In our current example, we need the `card.json` to look as follows

```
{
    "name": "Paul Graham Essay",
    "description": "A labelled RAG dataset based off an essay by Paul Graham, consisting of queries, reference answers, and reference contexts.",
    "numberObservations": 44,
    "containsExamplesByHumans": false,
    "containsExamplesByAI": true,
    "sourceUrls": [
        "http://www.paulgraham.com/articles.html"
    ],
    "baselines": [
        {
            "name": "llamaindex",
            "config": {
                "chunkSize": 1024,
                "llm": "gpt-3.5-turbo",
                "similarityTopK": 2,
                "embedModel": "text-embedding-ada-002"
            },
            "metrics": {
                "contextSimilarity": 0.934,
                "correctness": 4.239,
                "faithfulness": 0.977,
                "relevancy": 0.977
            },
            "codeUrl": "https://github.com/run-llama/llama_datasets/blob/main/baselines/paul_graham_essay/llamaindex_baseline.py"
        }
    ]
}
```

And for the `README.md`, these are pretty standard, requiring you to change the name of the dataset argument in the `download_llama_dataset()` function call.

```
from llama_index.llama_datasets import download_llama_datasets
from llama_index.llama_pack import download_llama_pack
from llama_index import VectorStoreIndex


# download and install dependencies for rag evaluator pack
RagEvaluatorPack = download_llama_pack(
  "RagEvaluatorPack", "./rag_evaluator_pack"
)
rag_evaluator_pack = RagEvaluatorPack()


# download and install dependencies for benchmark dataset
rag_dataset, documents = download_llama_datasets(
  "PaulGrahamEssayTruncatedDataset", "./data"
)


# evaluate
query_engine = VectorStoreIndex.as_query_engine()  # previously defined, not shown here
rag_evaluate_pack.run(dataset=paul_graham_qa_data, query_engine=query_engine)
```

Finally, the last item for Step 1 is to create an entry to `llama_datasets/library.json` file. In this case:

```
    ...,
    "PaulGrahamEssayDataset": {
    "id": "llama_datasets/paul_graham_essay",
    "author": "andrei-fajardo",
    "keywords": ["rag"],
    "extra_files": ["paul_graham_essay.txt"]
  }
```

Note: the `extra_files` field is reserved for the source files.
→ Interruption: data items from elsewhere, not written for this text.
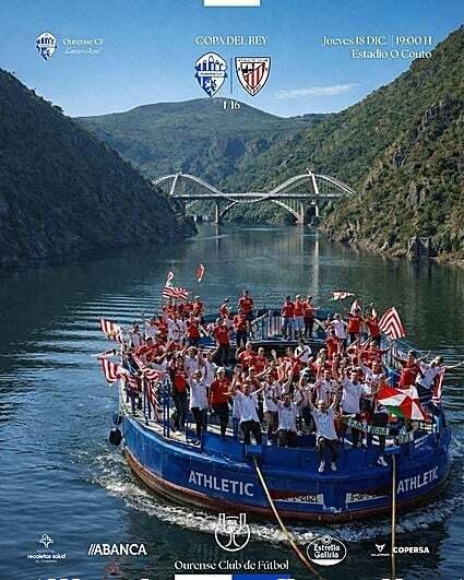 El Ourense ha compartido en sus redes sociales un cartel que muestra una gabarra llena de aficionados rojiblancos, portando camisetas y banderas de Euskadi, navegando por uno de los ríos de la Ribeira Sacra, presumiblemente el Miño.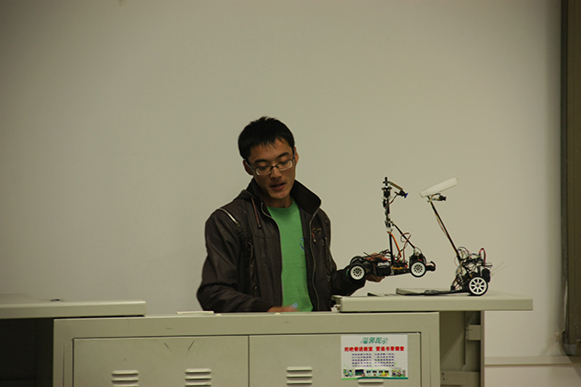 刘建邦首先分别就搜索资料、分析流程、设计开发和运行经验四个方面向同学们进行了详细的阐述。他通过比赛时录制的现场视频让大家感受比赛时的氛围,并用自己的切身经历鼓励大家多去尝试电路设计。随后电气工程及其自动化专业1205班冯玉涛同学布置了第十二届电子电路设计竞赛的具体比赛要求,同时也分享了自己宝贵的参赛经验。最后公司科技协会主席王廷伟就学习资料方面做了补充。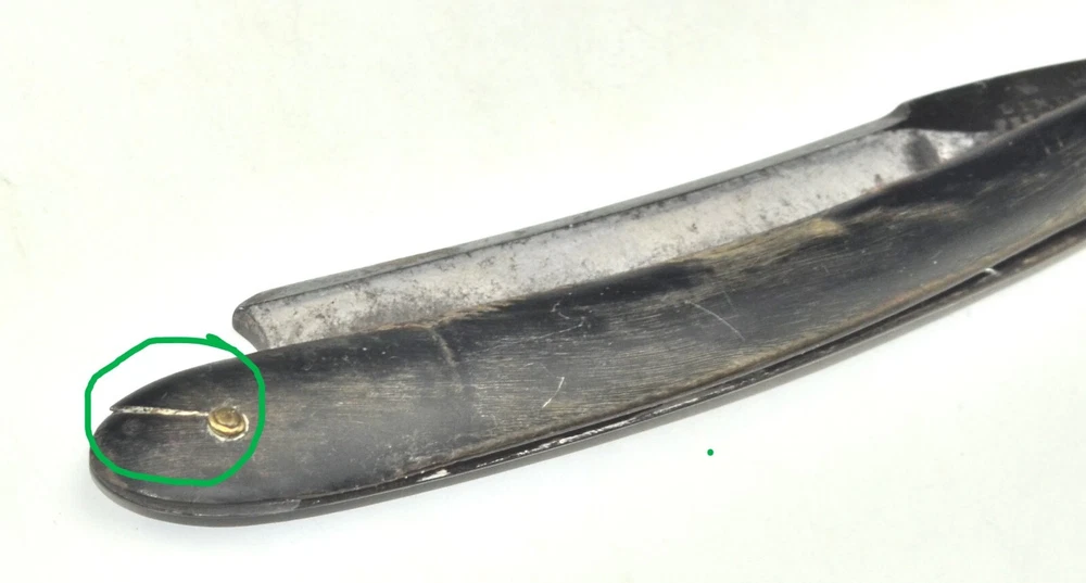 Based on my research in Google this one appears to be quite an old straight, dating it to between 1860 and 1880. There's one crack in the handle. See the last photo. Questions are welcome.

### Step 2 Uploading The Actual Datasets

In this step, since we use Github LFS on our `llama_datasets` repo, making a contribution is exactly the same way you would make a contribution with any of our other open Github repos. That is, submit a pull request.
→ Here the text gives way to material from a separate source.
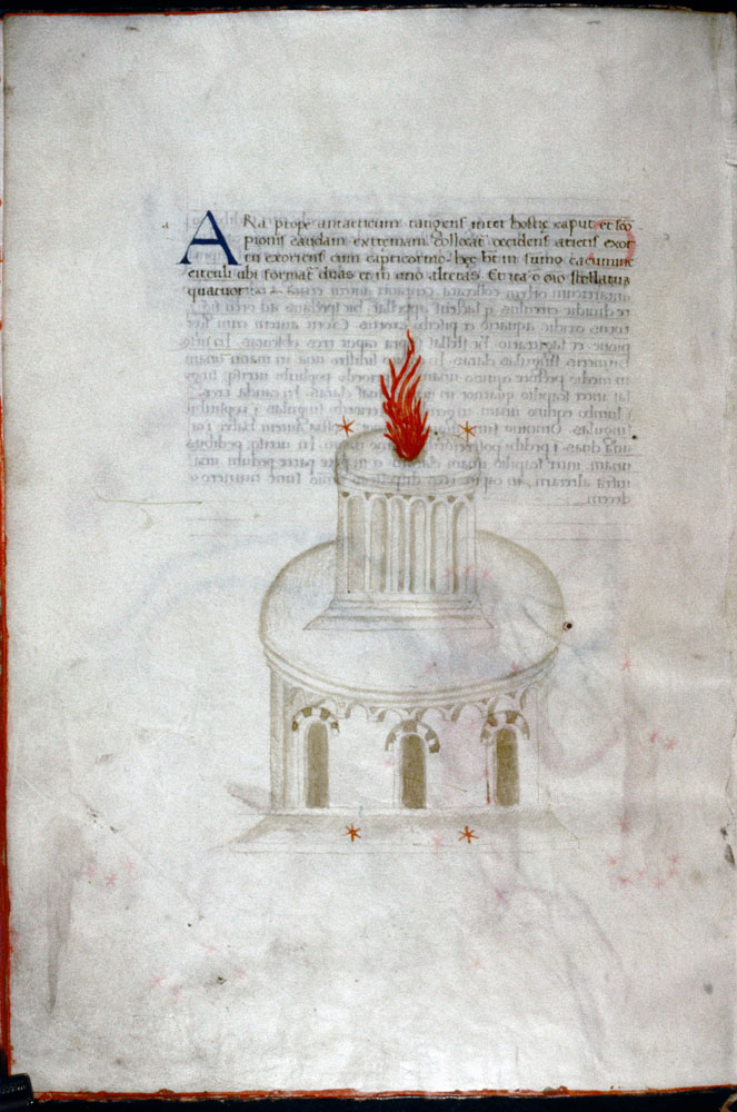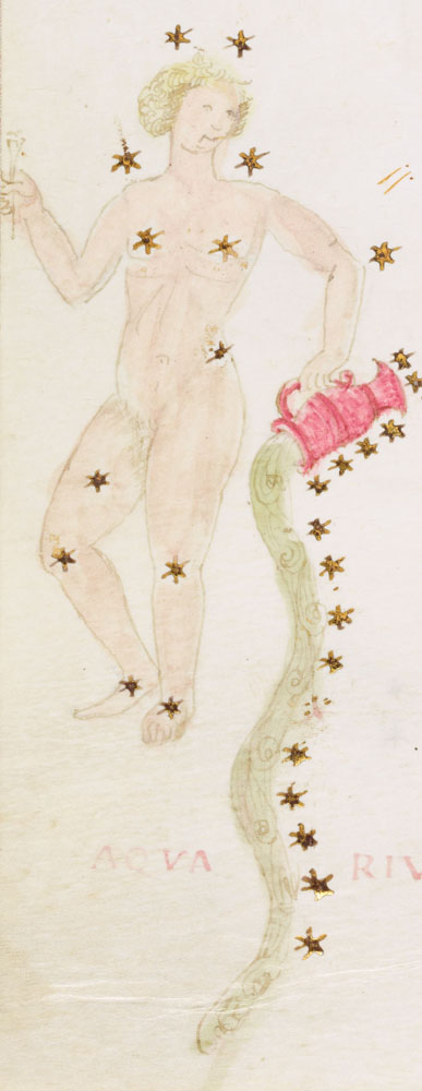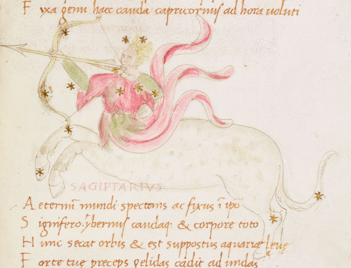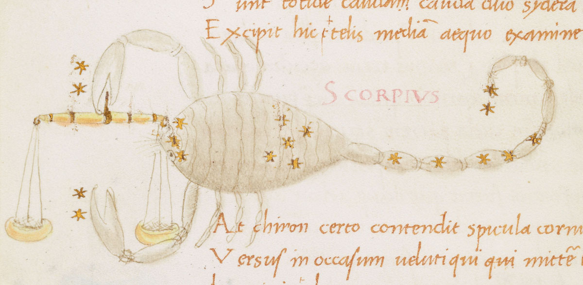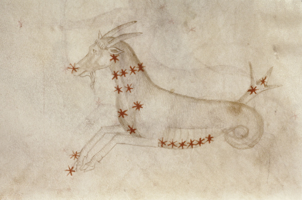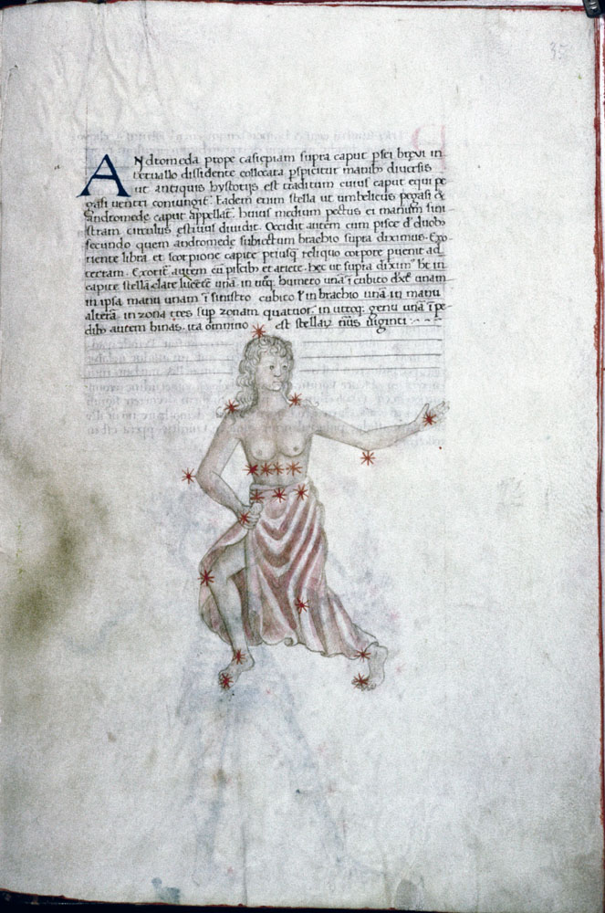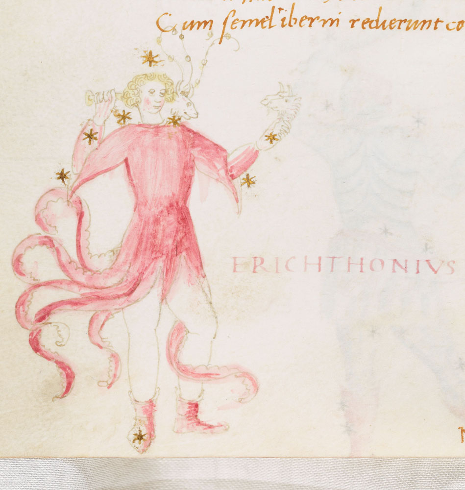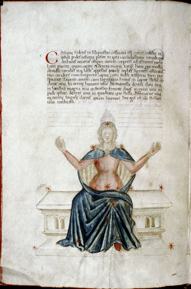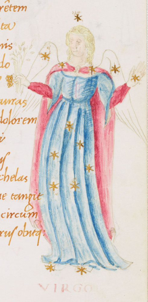 «Аратея», «Явления» Арата Солийского в переводе Цицерона, IX в. (820-840, 830?) Из манускрипта Harley MS 647 («Харлеанский Арат»), коллекции астрологических и астрономических текстов конца IX века - XI в; Франция, Реймс (?). Каллиграммы созвездий — соответствующие описания из «Астрономии» Гигина.

Make a fork of the `llama_datasets` repo, and create a new folder in the `llama_datasets/` directory that matches the `id` field of the entry made in the `library.json` file. So, for this example, we’ll create a new folder `llama_datasets/paul_graham_essay/`. It is here where we will add the documents and make the pull request.
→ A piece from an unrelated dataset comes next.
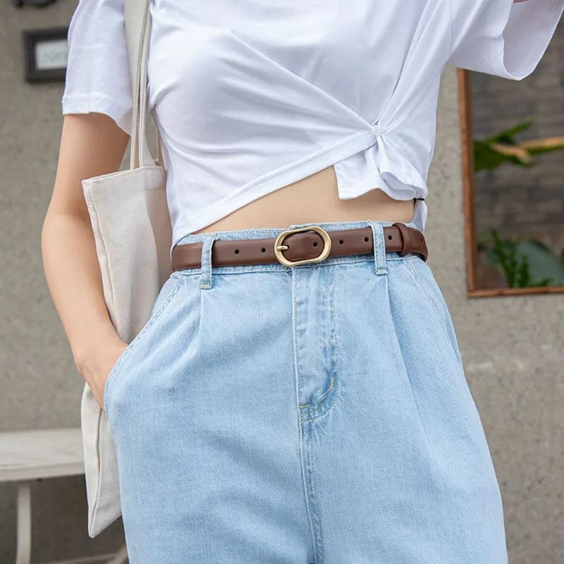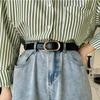 Women Metal Oval Pin Buckle Belt Fashion PU Leather Long Thin Adjustable Waistband Chic Jeans Pants Decorative Girdle Strap

To this folder, add `rag_dataset.json` (it must be called this), as well as the rest of the source documents, which in our case is the `paul_graham_essay.txt` file.

Terminal window

```
llama_datasets/paul_graham_essay/
├── paul_graham_essay.txt
└── rag_dataset.json
```

Now, simply `git add`, `git commit` and `git push` your branch, and make your PR.